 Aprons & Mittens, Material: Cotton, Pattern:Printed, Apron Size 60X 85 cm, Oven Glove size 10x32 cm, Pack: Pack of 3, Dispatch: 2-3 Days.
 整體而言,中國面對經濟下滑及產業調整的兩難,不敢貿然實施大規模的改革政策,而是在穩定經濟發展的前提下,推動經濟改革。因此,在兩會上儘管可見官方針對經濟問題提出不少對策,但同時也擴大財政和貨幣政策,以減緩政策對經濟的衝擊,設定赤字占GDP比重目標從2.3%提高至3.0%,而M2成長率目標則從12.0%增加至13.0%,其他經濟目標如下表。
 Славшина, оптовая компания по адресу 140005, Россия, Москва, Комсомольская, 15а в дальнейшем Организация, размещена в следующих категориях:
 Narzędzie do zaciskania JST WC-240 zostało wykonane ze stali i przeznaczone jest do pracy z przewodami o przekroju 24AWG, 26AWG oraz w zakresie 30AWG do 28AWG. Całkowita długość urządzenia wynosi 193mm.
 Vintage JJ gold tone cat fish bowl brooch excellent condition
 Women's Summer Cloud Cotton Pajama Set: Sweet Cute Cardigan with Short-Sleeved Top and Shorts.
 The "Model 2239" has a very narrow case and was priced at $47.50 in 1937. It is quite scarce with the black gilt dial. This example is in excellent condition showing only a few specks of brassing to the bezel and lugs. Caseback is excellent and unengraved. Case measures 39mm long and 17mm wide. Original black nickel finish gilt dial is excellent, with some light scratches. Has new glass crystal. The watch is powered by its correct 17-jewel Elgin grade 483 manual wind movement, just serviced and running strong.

---

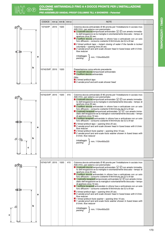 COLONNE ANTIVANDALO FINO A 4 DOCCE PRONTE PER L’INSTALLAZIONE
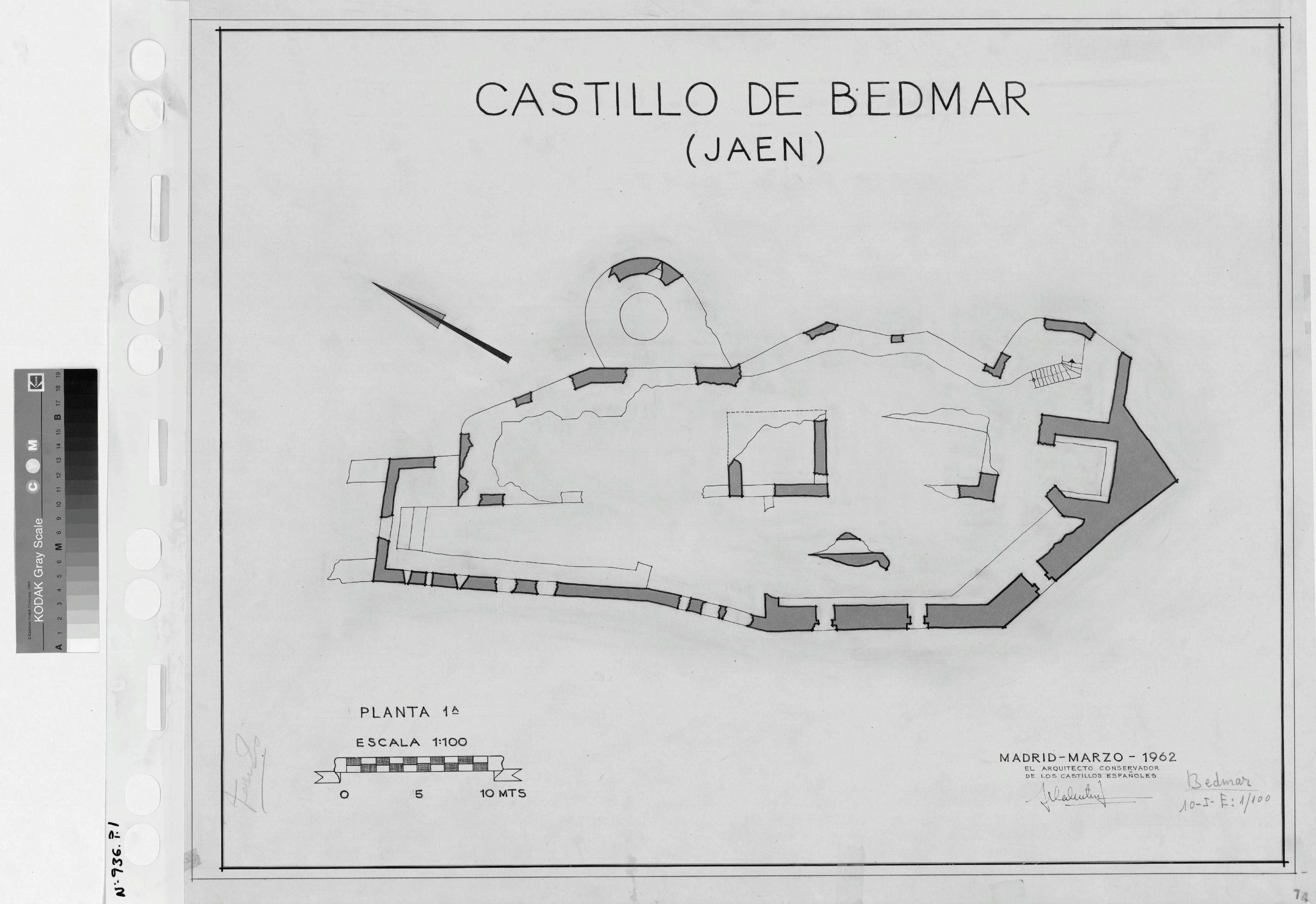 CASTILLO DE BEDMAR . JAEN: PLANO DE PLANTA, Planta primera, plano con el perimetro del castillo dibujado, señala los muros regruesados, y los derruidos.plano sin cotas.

==

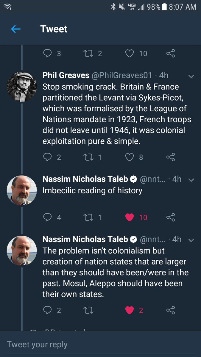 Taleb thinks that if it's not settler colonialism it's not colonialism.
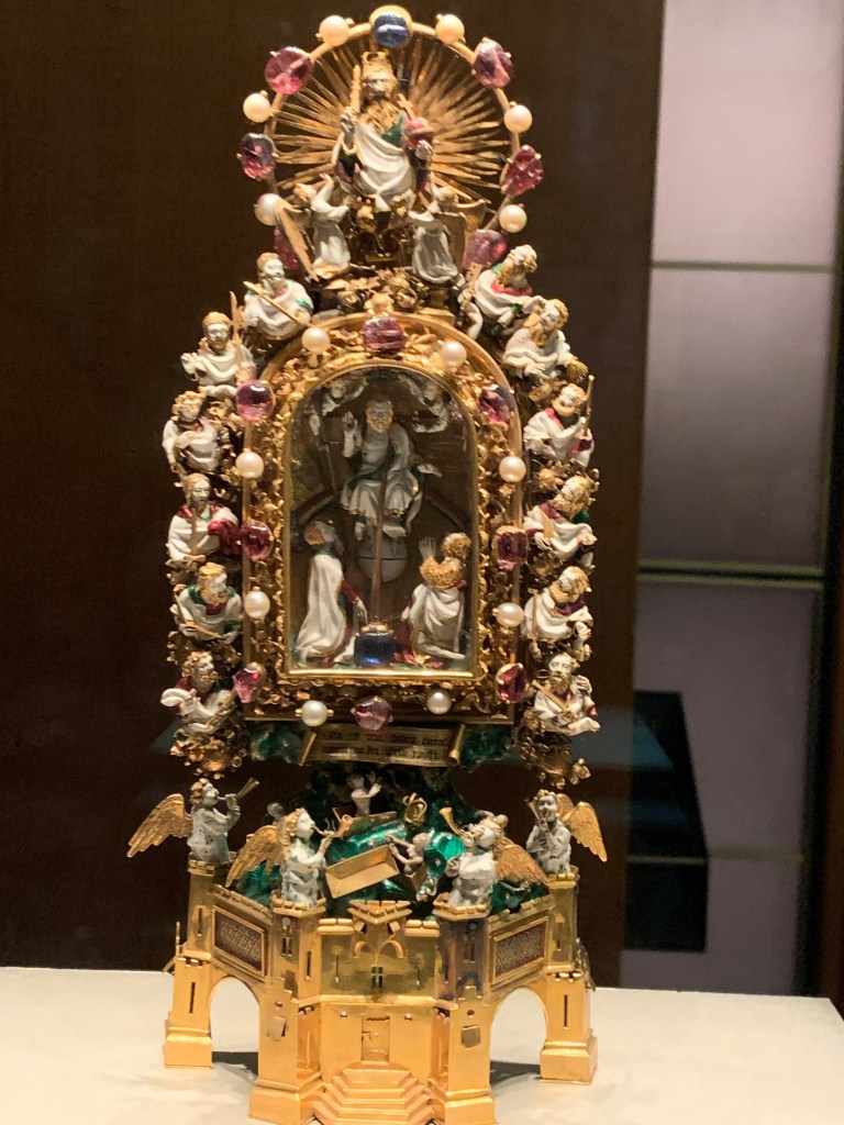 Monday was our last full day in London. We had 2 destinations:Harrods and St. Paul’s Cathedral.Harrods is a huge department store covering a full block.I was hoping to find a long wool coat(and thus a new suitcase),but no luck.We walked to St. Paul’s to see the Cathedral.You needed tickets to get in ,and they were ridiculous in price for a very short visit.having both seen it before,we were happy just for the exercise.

WHAT TO WORK ON: What is needed is an exact copy of the lines above, from the one containing "Vintage JJ gold" through the one containing "Women's Summer Cloud", with nothing added.

EXERCISE ANSWER:
 Vintage JJ gold tone cat fish bowl brooch excellent condition
 Women's Summer Cloud Cotton Pajama Set: Sweet Cute Cardigan with Short-Sleeved Top and Shorts.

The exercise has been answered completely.